Workflow tests around renewal

core/workflow/lock_test.go
go
// core/workflow/lock_test.go (excerpt)
func TestDistributedRunLock_Renewal(t *testing.T) {
  // verifies lock key remains alive past original TTL when renew succeeds
}

func TestDistributedRunLock_RenewalStopsOnContextCancel(t *testing.T) {
  // verifies renewal loop stops on context cancellation
}

// no dedicated test today that enforces abandon/fence after N renewal failures

Validation runbook

Run this in staging before changing lock renewal thresholds or context cancellation behavior.

lock-renewal-policy-runbook.sh
bash
# 1) Track scheduler abandonment events
# rate(cordum_scheduler_job_lock_abandoned_total[5m])

# 2) Track workflow renewal warnings
# grep/aggregate: "run lock renewal failed"

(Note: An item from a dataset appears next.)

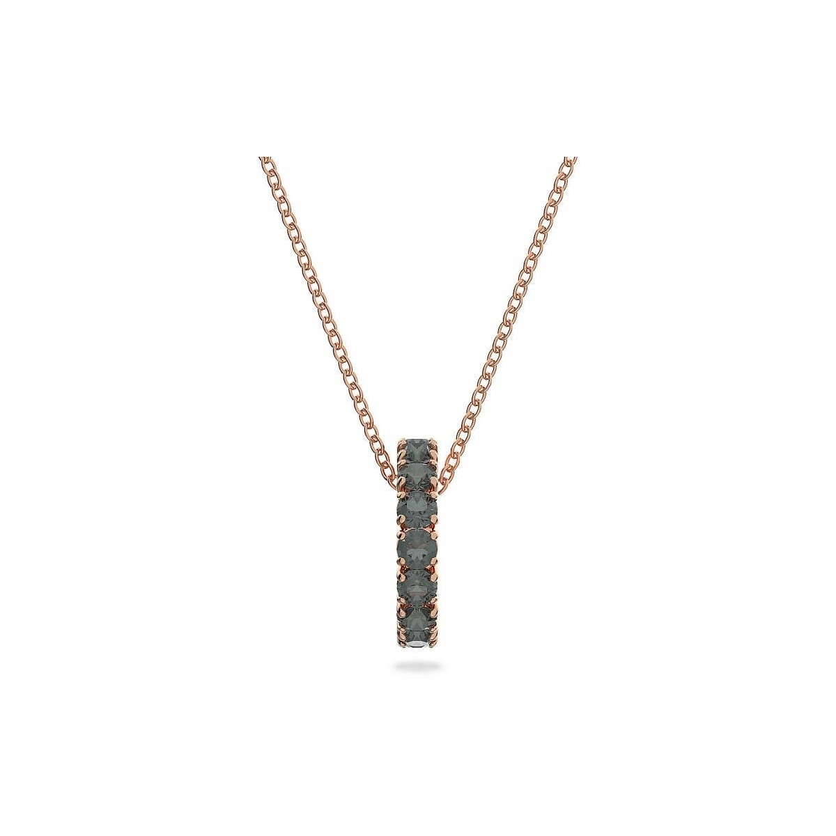 Swaroski women's necklace belonging to the Exalta collection. Made from a rose gold-plated chain, with an intertwined ring pendant embellished with a pavé of iridescent black crystals.

# 3) Correlate with duplicate critical-section effects
# - repeated processing for same run_id/job_id
# - state transition conflicts shortly after renewal failures

# 4) During incident, classify behavior by component
# - scheduler path should fence after 3 consecutive failures
# - workflow path currently continues unless context is canceled

# 5) Decide temporary policy
# - high-risk workloads: reduce tolerance, prefer fence/stop
# - low-risk workloads: allow continuity with stronger idempotency checks

# 6) Post-incident action
# add explicit renewal-failure SLOs and regression tests for both paths

Limitations and tradeoffs

ApproachUpsideDownside
Fence quickly after repeated renewal failureHigher correctness under uncertain lock ownership.Lower continuity during lock backend turbulence.
Warn and continueBetter short-term throughput and fewer interrupted flows.Potential overlap window after lease loss; harder correctness guarantees.
Policy by workload risk classApplies strict fencing only where correctness cost is highest.More policy and testing complexity across components.
  • - The scheduler path has clear fencing semantics and abandonment metric coverage. The workflow path currently prioritizes continuity with weaker lease-loss fencing.
  • - Workload-specific policy is often the right answer, but it requires explicit documentation and testing to avoid inconsistent behavior across components.
  • - I found strong scheduler hardening tests for consecutive failures and intermittent failures, but no equivalent workflow test enforcing a bounded-failure abandon policy.

Next step

Implement this next:

  1. 1. Define a renewal-failure policy matrix by workload risk (strict fence vs continuity).
  2. 2. Add workflow-level metric parity for renewal-failure abandonment, not only warning logs.
  3. 3. Add workflow tests that inject repeated `RenewLock` failures and validate chosen policy behavior.
  4. 4. Document expected operator response for each lock path in the runbook.

Continue with AI Agent Distributed Lock Fallback and AI Agent Lock Token Ownership.

Policy beats hope

Renewal failure handling is one of those design choices that looks optional until the first multi-replica outage. Make it explicit before that day.